··· DATA ···

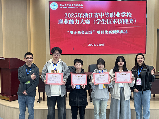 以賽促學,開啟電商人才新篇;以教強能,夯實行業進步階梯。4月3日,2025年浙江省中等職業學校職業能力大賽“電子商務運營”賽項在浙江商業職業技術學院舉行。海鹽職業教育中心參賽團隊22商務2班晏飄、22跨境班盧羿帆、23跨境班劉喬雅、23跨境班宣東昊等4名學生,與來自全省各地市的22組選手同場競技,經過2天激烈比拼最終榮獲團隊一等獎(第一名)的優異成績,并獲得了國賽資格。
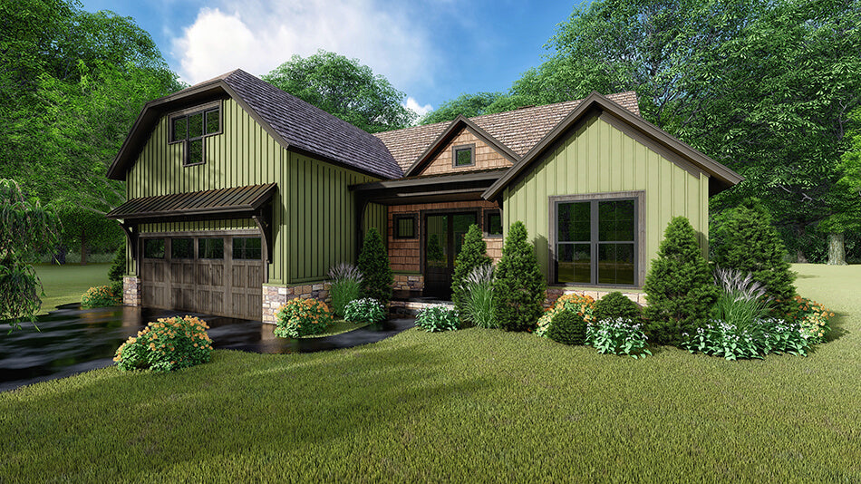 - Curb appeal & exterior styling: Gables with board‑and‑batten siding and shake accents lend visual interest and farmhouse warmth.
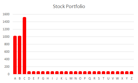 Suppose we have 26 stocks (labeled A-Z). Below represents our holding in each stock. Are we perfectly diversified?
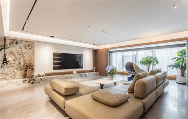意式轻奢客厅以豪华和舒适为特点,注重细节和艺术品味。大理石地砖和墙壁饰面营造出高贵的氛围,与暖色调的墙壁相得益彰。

···
··· DATA ···

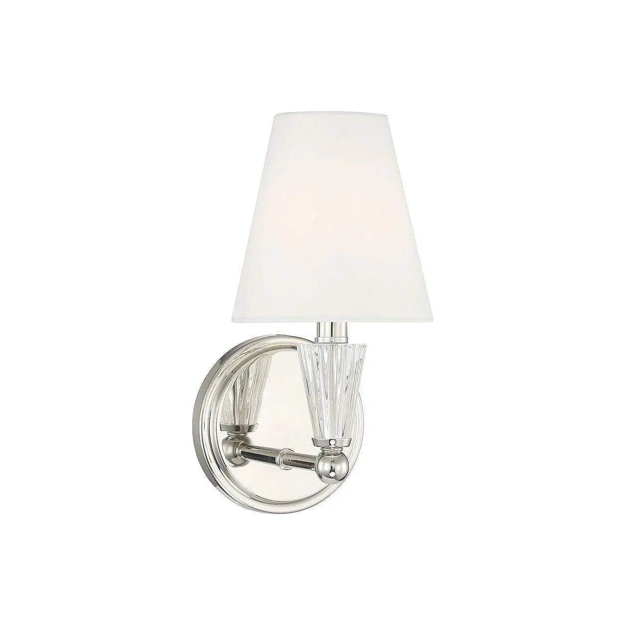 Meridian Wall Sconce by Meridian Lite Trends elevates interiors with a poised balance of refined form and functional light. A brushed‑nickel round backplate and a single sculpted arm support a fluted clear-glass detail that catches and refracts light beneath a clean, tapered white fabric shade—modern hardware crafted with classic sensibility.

···

**PROBLEM TO WORK ON:** Print exactly, with no pictures, the lines above from the one that holds "以賽促學,開啟電商人才新篇;" through the one that holds "- Curb appeal", both of them included.

**RESPONSE BELOW:**
 以賽促學,開啟電商人才新篇;以教強能,夯實行業進步階梯。4月3日,2025年浙江省中等職業學校職業能力大賽“電子商務運營”賽項在浙江商業職業技術學院舉行。海鹽職業教育中心參賽團隊22商務2班晏飄、22跨境班盧羿帆、23跨境班劉喬雅、23跨境班宣東昊等4名學生,與來自全省各地市的22組選手同場競技,經過2天激烈比拼最終榮獲團隊一等獎(第一名)的優異成績,并獲得了國賽資格。
 - Curb appeal & exterior styling: Gables with board‑and‑batten siding and shake accents lend visual interest and farmhouse warmth.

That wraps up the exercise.